Im Bann der Dunkelkunst: Ein Blick auf die Ausstellung «I see a Darkness»

01.11.2023 03:15 - update 01.11.2023 13:47
Jessica Schön

Jessica Schön

Rechtzeitig zu Halloween trafen sich die Dark Artists im Off-Space von Renate Boetschi und Eric Dürrenberger. Über eine Szene, die düstere Kunst zu einer Identifikationsfigur macht.

Die Schaufenster sind noch mit dunklen Tüchern verhangen. Ein kurzer Blick auf die Uhr verrät mir, dass ich ein paar Minuten zu früh bin.
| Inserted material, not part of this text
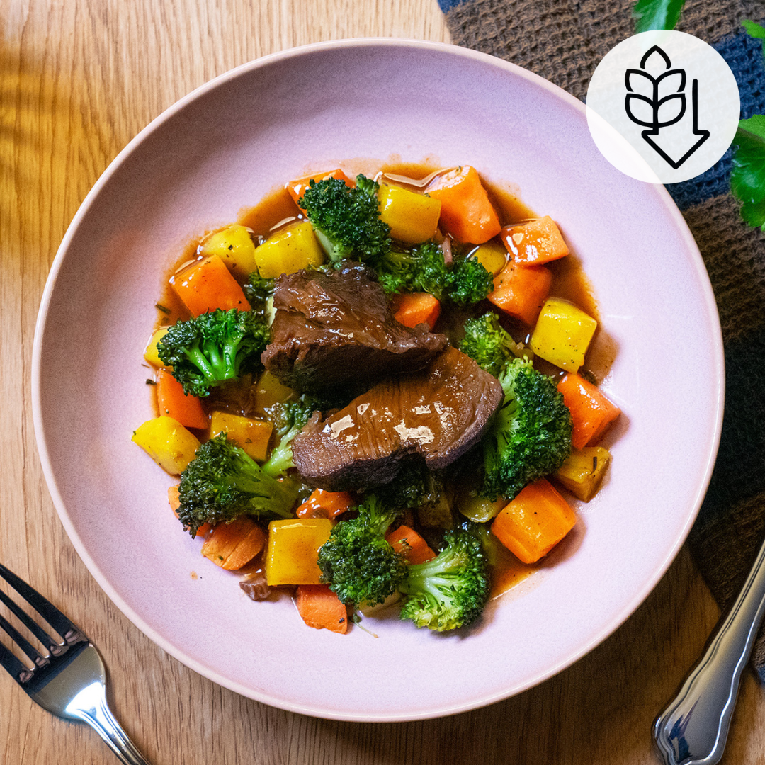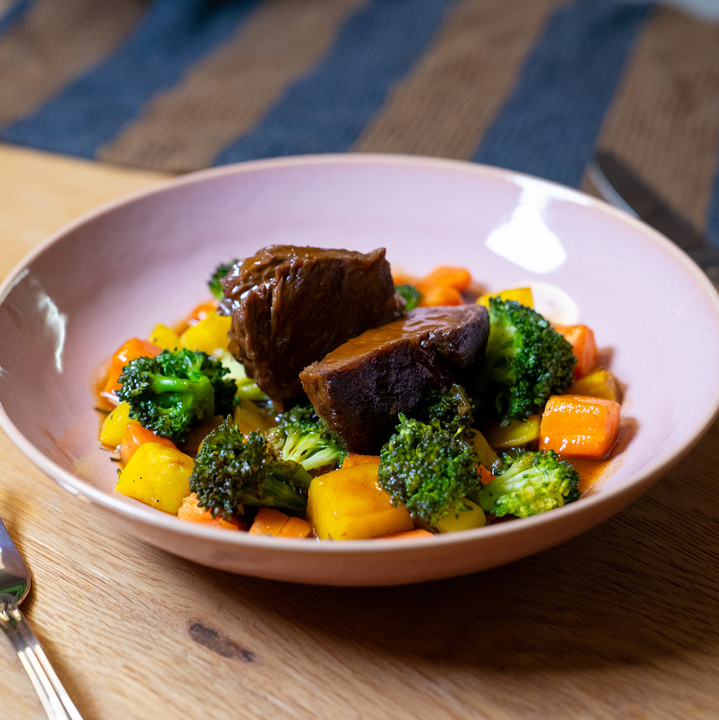 Geschmorte Backen vom Weiderind, mit grünem Pfeffer und Pilzen, dazu Ofengemüse

Kurz denke ich darüber nach, beim Brunnen zu warten; ein bisschen ehrfürchtig kann man schon werden, wenn man sich in einer Szene nicht auskennt. Schliesslich, klingle ich doch. Am Schatten, der sich Sekunden später hinter dem Vorhang abzeichnet, erkenne ich, dass ich bereits erwartet werde. Dann geht plötzlich alles ganz schnell.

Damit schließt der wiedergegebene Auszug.